## Task brief
Where the records below begin, start copying, and stop after the line that contains "12月16日,额尔敦达来(左)和伊吉力在家中下国际象棋。"; reproduce every line exactly but omit pictures.

** Task inputs follows **

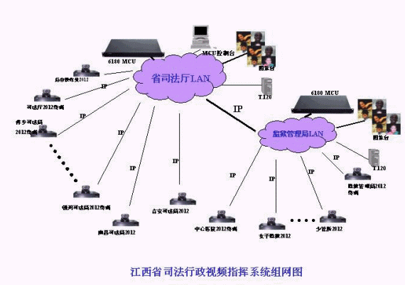 江西司法視頻會議系統(tǒng)的拓?fù)浣Y(jié)構(gòu)如圖所示。整個視頻會議系統(tǒng)為星型拓?fù)浣Y(jié)構(gòu),其中二級網(wǎng)以省司法廳和省監(jiān)獄管理局為主會場,放置2個MCU;另外,包括11個地市司法局的分會場(南昌、九江、贛州、吉安、撫州、鷹潭、萍鄉(xiāng)、新余、上饒、景德鎮(zhèn)、宜春),14個監(jiān)獄和農(nóng)場分會場,傳輸網(wǎng)絡(luò)為2M IP網(wǎng)絡(luò),視頻會議協(xié)議為H.323;司法局和監(jiān)獄管理局也可以單獨成網(wǎng),在分別依托省司法廳和省監(jiān)獄管理局MCU的情況下,各地市司法局或監(jiān)獄系統(tǒng)可與省司法廳或省監(jiān)獄管理局單獨進行雙向的視頻會議,整個系統(tǒng)具有很強的靈活性和擴展性。
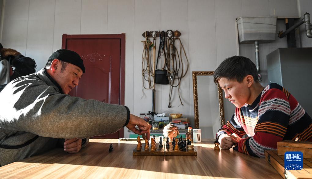 12月16日,额尔敦达来(左)和伊吉力在家中下国际象棋。
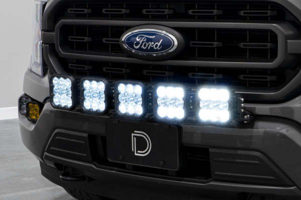 FeaturesBolt-on fitment compatible with Ford F-150 2021+Ultra-high intensity with custom-engineered TIR opticsSelectable backlight color with eight color optionsTorture-tested heavy-duty constructionControl through factory aux switch bank using the included harnessAssembled in USA OverviewPerfect Fitment. The Grille CrossLink Lightbar Kit compatible with Ford F-150 2021+ from Diode Dynamics allows you to mount five linked SS5 LED pods on the factory grille. These application-specific brackets were CAD-designed to bolt into place using factory mounting points on the grille. No cutting or drilling required!Designed for Performance. Featuring the highest output intensity of any 5-inch LED pod on the market these lamps have been designed for maximum functionality with patented technology and custom-engineered TIR optics all in a durable package.Selectable Backlight. The Stage Series 5inch LED Pods included in the White kit feature a selectable backlight with eight different color options perfect for an extra styling accent or for more visibility when you(TM) re not using the main beam. Selecting your backlight color is easy - simply alternate the power on and off. There(TM) s no complicated programming with a controller! The SS5's backlight fully illuminates the TIR optic providing unique accent lighting that you won't find on other LED pods. NOTE: Due to the yellow lens the Yellow kit is only available with an Amber backlight color.CrossLink. Our patent-pending CrossLink technology allows you to link up to eight SS5 pods together to create your own lightbar. The single-piece CNC aluminum link provides extreme rigidity but is fully adjustable. This kit was designed for a curved configuration.
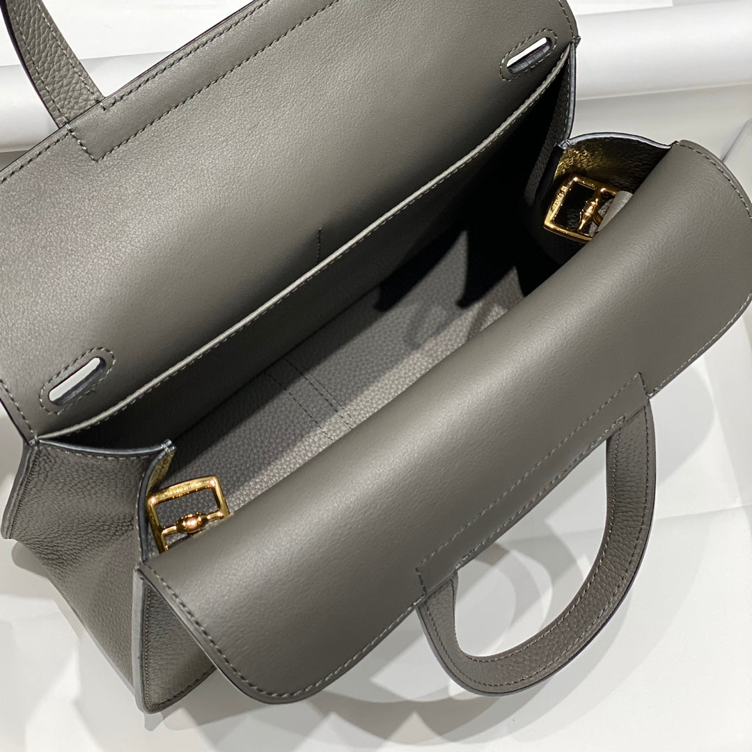 HALZAN 25 HANDLE BAG IN GREY GRAINED CALFSKIN
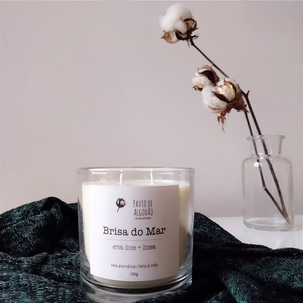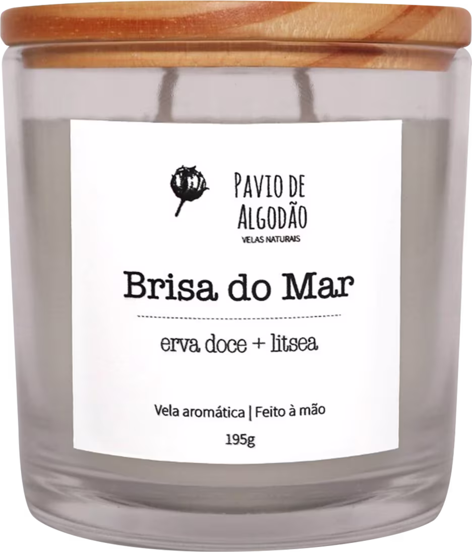 Com dois pavios de algodão e tampa de madeira.

** End of Task inputs **

## Problem solution
 江西司法視頻會議系統(tǒng)的拓?fù)浣Y(jié)構(gòu)如圖所示。整個視頻會議系統(tǒng)為星型拓?fù)浣Y(jié)構(gòu),其中二級網(wǎng)以省司法廳和省監(jiān)獄管理局為主會場,放置2個MCU;另外,包括11個地市司法局的分會場(南昌、九江、贛州、吉安、撫州、鷹潭、萍鄉(xiāng)、新余、上饒、景德鎮(zhèn)、宜春),14個監(jiān)獄和農(nóng)場分會場,傳輸網(wǎng)絡(luò)為2M IP網(wǎng)絡(luò),視頻會議協(xié)議為H.323;司法局和監(jiān)獄管理局也可以單獨成網(wǎng),在分別依托省司法廳和省監(jiān)獄管理局MCU的情況下,各地市司法局或監(jiān)獄系統(tǒng)可與省司法廳或省監(jiān)獄管理局單獨進行雙向的視頻會議,整個系統(tǒng)具有很強的靈活性和擴展性。
 12月16日,额尔敦达来(左)和伊吉力在家中下国际象棋。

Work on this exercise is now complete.